Hésiode, dans sa Théogonie (Naissance de l'univers et des dieux), faisait de l'Amour, Éros, l'une des trois divinités primordiales de notre monde. Autant dire que les histoires d'amour sont vieilles comme le monde. Et quel meilleur conteur qu'Ovide pour nous les raconter ?

Sur ces pages, vous pourrez...

  • découvrir, à travers cinq histoires tirés des Métamorphoses d'Ovide, cinq aspects de l'amour :
    • Daphné et Apollon : l'amour non-réciproque
    • Europe et Jupiter : l'amour extraordinaire
    • Mars et Vénus : l'amour volage
    • Baucis et Philémon : l'amour parfait
    • Les Héliades : l'amour fraternel.
  • découvrir la vie, l'œuvre et l'univers poétique d'un poète majeur de l'Antiquité
  • étudier et apprécier la poésie d'Ovide directement dans le texte grâce à l'étude préalable d'une gravure illustrant le poème
  • acquérir une riche culture autour de la représentation poétique et iconographique de l'amour et des métamorphoses
  • envisager la riche tradition dont ces poèmes sont à l'origine, de l'Antiquité jusqu'à nos jours
  • défendre à votre tour, au travers d'un exercice de rédaction, une vision de l'amour.

Avant de découvrir ces histoires, lisez cette brève introduction sur Ovide et sa poésie

Ovide

Ovide, né en 43 avant J.-C. et mort en 18 après J.-C., s’est adonné toute sa vie à la poésie. Dans sa jeunesse, il suit une formation juridico-politique dont il ne fait pas usage, préférant vivre des revenus que lui rapportent ses propriétés. Ainsi, libre de toutes obligations, il consacre l’intégralité de son temps à l'écriture poétique.

I- Un poète alexandrin

Les écrivains latins sont souvent profondément imprégnés de la littérature grecque. C’est ainsi le cas de l’un des plus grands poètes latins de l’Antiquité : Ovide.

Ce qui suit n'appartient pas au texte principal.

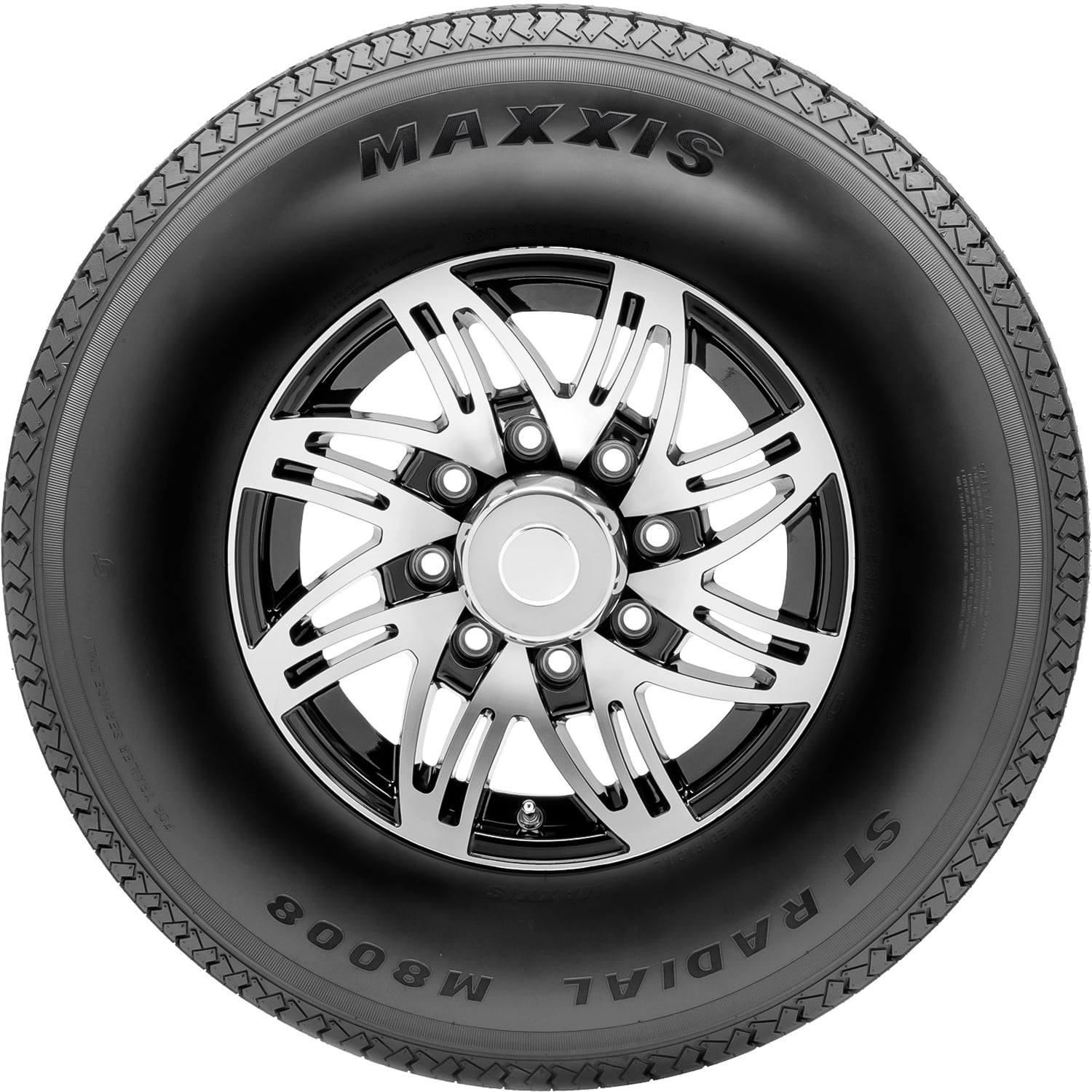 Maxxis ST Radial M8008 FEATURES AND BENEFITS Fuel efficient drive Enhanced controllability Increased durability OVERVIEW The Maxxis ST Radial M8008 is a highway terrain all season tire manufactured for trailers. This tire is NOT MEANT TO BE MOUNTED ON LIGHT TRUCKS, as its construction will not support the weight and performing style of such vehicles. It can ONLY BE MOUNTED ON TRAILERS. The tire promotes excellent handling. The special shock absorbent construction and the ribbed tread pattern enhance the steering responsiveness and the driving stability. The ribbed tread design’s constant road contact enhances the steering responsiveness and accuracy to the towing vehicle’s instructions, making the tire easier to control in all weather. The shock absorbent construction stabilizes the tire against the driving and load pressure affecting it during the drive, ensuring a secure drive and exceptional controllability. The model’s internal structure features a double steel belt and full nylon cap construction. This improves the tire’s durability by preventing deformation under the driving and load pressure affecting the tire. They increase the structure’s strength and reinforce its durability. In this manner, the tire is capable of carrying and withstanding heavy loads, while also maintaining the optimal tire shape. The better durability allows the tire to perform to its best capability even under heavy load pressure. The ST Radial M8008 is a fuel efficient tire. The special compound lowers the rolling resistance by lowering the tire’s overall weight. The rolling resistance is the pressure affecting the tires during the drive that determine how much energy the vehicle needs to keep the tires in motion. The reduced rolling resistance manages to lower the towing vehicle’s fuel consumption and CO2 emissions, guaranteeing a environmentally friendly performance. Manufacturers recommend changing tires every 10 years. As long as tires are properly stored before they are sold, the year of their manufacture will not shorten their service life.

Ovide est marqué par la poésie grecque dite « alexandrine » ou hellénistique, qui a beaucoup inspiré les poètes latins de l’époque classique, à partir notamment du poète Catulle (Ier s. av. J.-C.). Le représentant le plus important de cette poésie grecque est Callimaque, poète du IIIe s. av. J.-C. qui résidait dans la ville d’Alexandrie, un centre culturel majeur de l’époque (d’où la dénomination de poésie « alexandrine »). La poésie de Callimaque, et celle des poètes grecs puis latins qui se situent dans son sillage, est une poésie savante, très allusive, qui joue sur les références mythologiques et la réécriture de mythes. L’amour y a une part très importante : des héros célèbres sont mis en scène dans leurs aspects sentimentaux, voire triviaux. La poésie néo-alexandrine a aussi un goût prononcé pour l'étiologie (le questionnement sur l'origine des choses).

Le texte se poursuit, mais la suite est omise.